• WORK TO BE COMPLETED
Nothing but the lines below from the one containing "Aujourd'hui, j'exerce depuis" through the one containing "Entspannen Sie auf" should appear in the answer, exact and without pictures.

• MATERIAL FOR THIS EXERCISE
###
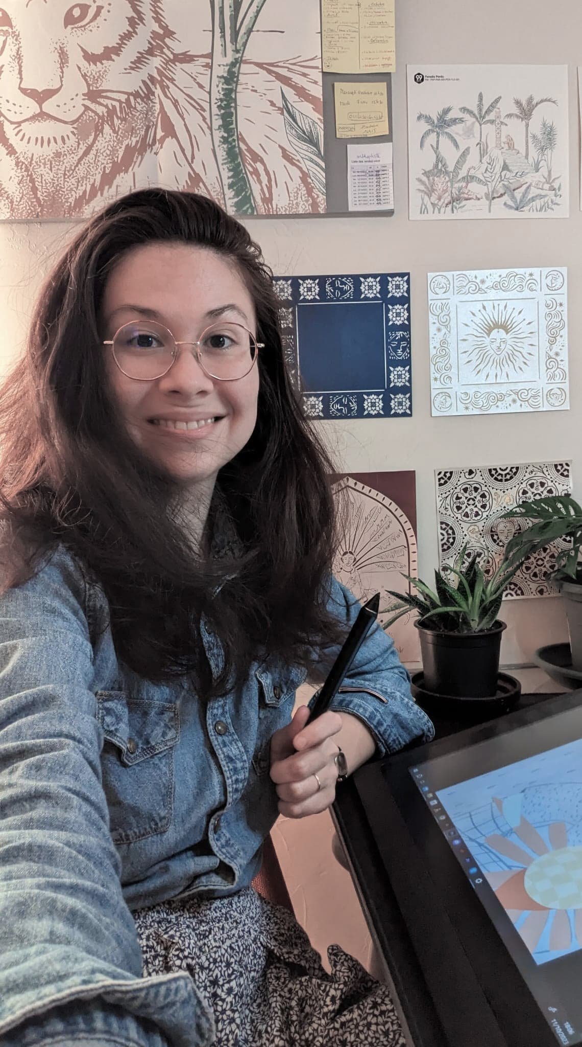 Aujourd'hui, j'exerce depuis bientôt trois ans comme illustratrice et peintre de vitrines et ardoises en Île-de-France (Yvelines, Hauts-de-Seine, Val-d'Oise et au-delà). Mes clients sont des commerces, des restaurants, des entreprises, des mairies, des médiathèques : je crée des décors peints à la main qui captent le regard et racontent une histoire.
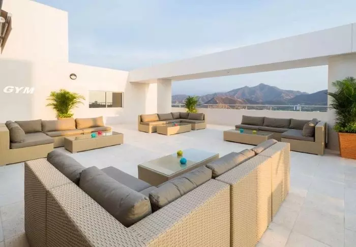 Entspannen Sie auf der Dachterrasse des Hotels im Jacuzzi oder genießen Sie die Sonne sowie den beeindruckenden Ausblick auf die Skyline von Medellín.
###
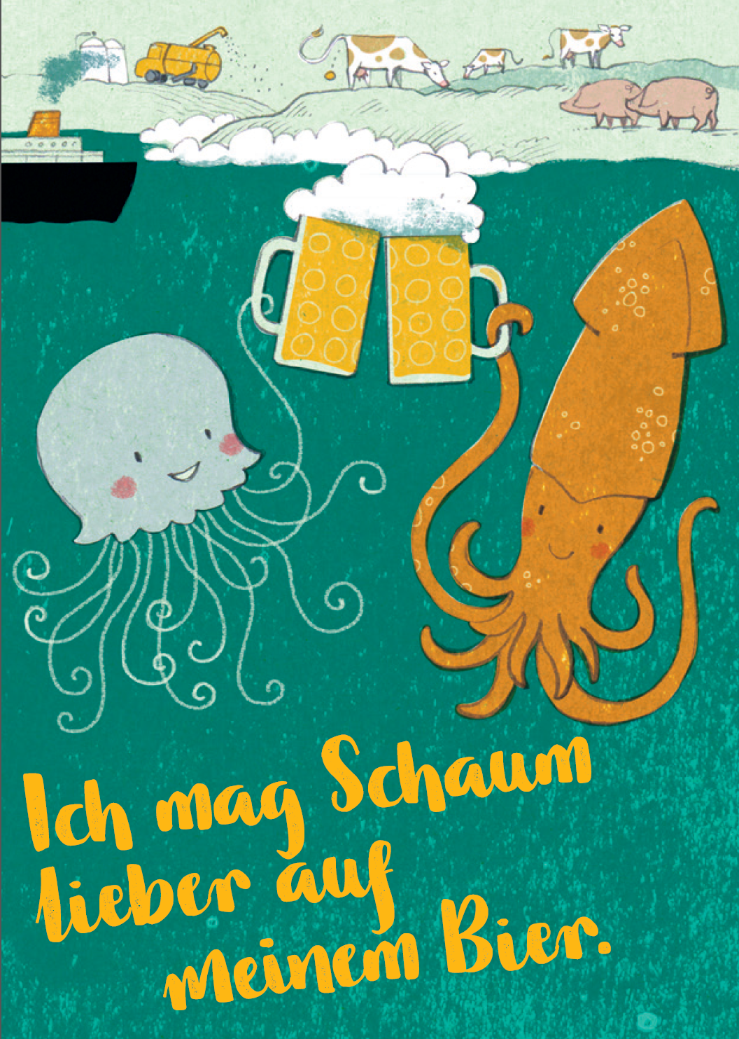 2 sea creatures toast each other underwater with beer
###
• ANSWER TO THE EXERCISE
 Aujourd'hui, j'exerce depuis bientôt trois ans comme illustratrice et peintre de vitrines et ardoises en Île-de-France (Yvelines, Hauts-de-Seine, Val-d'Oise et au-delà). Mes clients sont des commerces, des restaurants, des entreprises, des mairies, des médiathèques : je crée des décors peints à la main qui captent le regard et racontent une histoire.
 Entspannen Sie auf der Dachterrasse des Hotels im Jacuzzi oder genießen Sie die Sonne sowie den beeindruckenden Ausblick auf die Skyline von Medellín.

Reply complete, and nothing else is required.